- Data under study -
※
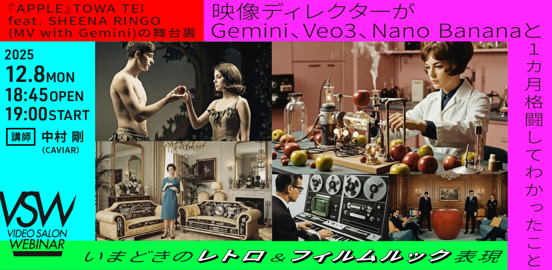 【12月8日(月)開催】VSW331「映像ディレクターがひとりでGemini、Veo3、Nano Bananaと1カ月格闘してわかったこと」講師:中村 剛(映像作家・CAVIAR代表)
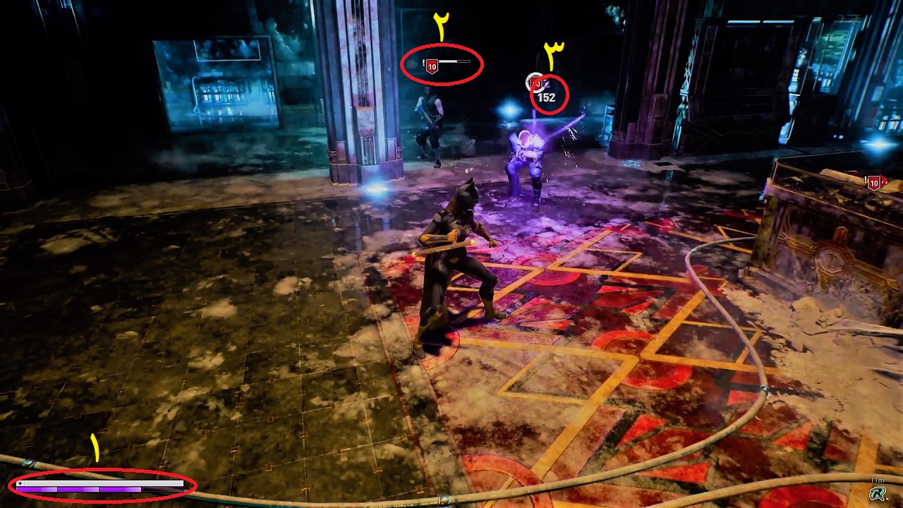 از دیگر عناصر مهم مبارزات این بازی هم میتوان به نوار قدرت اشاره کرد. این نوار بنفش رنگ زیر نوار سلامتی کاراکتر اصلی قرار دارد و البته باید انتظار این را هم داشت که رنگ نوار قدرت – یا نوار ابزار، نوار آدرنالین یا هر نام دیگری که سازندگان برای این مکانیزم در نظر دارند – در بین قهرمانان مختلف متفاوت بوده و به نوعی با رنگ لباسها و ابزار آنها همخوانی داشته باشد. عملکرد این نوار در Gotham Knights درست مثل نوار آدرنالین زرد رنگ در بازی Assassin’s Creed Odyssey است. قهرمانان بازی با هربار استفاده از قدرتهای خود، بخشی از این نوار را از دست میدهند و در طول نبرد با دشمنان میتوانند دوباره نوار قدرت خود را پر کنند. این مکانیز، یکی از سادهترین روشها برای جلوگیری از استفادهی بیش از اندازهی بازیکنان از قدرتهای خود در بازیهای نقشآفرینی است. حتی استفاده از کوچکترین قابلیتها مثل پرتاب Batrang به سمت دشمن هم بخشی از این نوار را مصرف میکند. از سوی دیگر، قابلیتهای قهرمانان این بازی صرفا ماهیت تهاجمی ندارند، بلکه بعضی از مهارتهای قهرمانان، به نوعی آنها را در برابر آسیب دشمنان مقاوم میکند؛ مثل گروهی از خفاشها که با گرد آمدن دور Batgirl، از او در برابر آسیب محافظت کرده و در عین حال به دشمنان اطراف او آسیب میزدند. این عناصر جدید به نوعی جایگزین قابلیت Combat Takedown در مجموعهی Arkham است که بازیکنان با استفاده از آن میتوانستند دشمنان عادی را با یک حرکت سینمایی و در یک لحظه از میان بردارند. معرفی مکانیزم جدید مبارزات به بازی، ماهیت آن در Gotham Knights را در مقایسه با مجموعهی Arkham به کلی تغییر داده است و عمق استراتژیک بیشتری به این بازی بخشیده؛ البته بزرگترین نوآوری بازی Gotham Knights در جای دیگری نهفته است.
※
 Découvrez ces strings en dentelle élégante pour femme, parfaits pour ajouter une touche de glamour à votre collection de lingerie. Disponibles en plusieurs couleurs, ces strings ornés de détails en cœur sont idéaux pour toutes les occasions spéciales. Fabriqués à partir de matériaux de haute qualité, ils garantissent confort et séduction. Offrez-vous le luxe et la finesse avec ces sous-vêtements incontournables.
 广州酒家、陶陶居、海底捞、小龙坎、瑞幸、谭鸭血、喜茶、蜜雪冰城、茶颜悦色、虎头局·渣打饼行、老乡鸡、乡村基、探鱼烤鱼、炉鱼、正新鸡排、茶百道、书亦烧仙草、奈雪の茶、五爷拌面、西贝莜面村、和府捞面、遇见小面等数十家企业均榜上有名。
※
- Instructions for the task -
Among the records above, a stretch begins at the line containing "Découvrez ces strings" and ends at the line containing "广州酒家、陶陶居、海底捞、小". Restate that stretch word for word, and nothing else.

- Written answer -
 Découvrez ces strings en dentelle élégante pour femme, parfaits pour ajouter une touche de glamour à votre collection de lingerie. Disponibles en plusieurs couleurs, ces strings ornés de détails en cœur sont idéaux pour toutes les occasions spéciales. Fabriqués à partir de matériaux de haute qualité, ils garantissent confort et séduction. Offrez-vous le luxe et la finesse avec ces sous-vêtements incontournables.
 广州酒家、陶陶居、海底捞、小龙坎、瑞幸、谭鸭血、喜茶、蜜雪冰城、茶颜悦色、虎头局·渣打饼行、老乡鸡、乡村基、探鱼烤鱼、炉鱼、正新鸡排、茶百道、书亦烧仙草、奈雪の茶、五爷拌面、西贝莜面村、和府捞面、遇见小面等数十家企业均榜上有名。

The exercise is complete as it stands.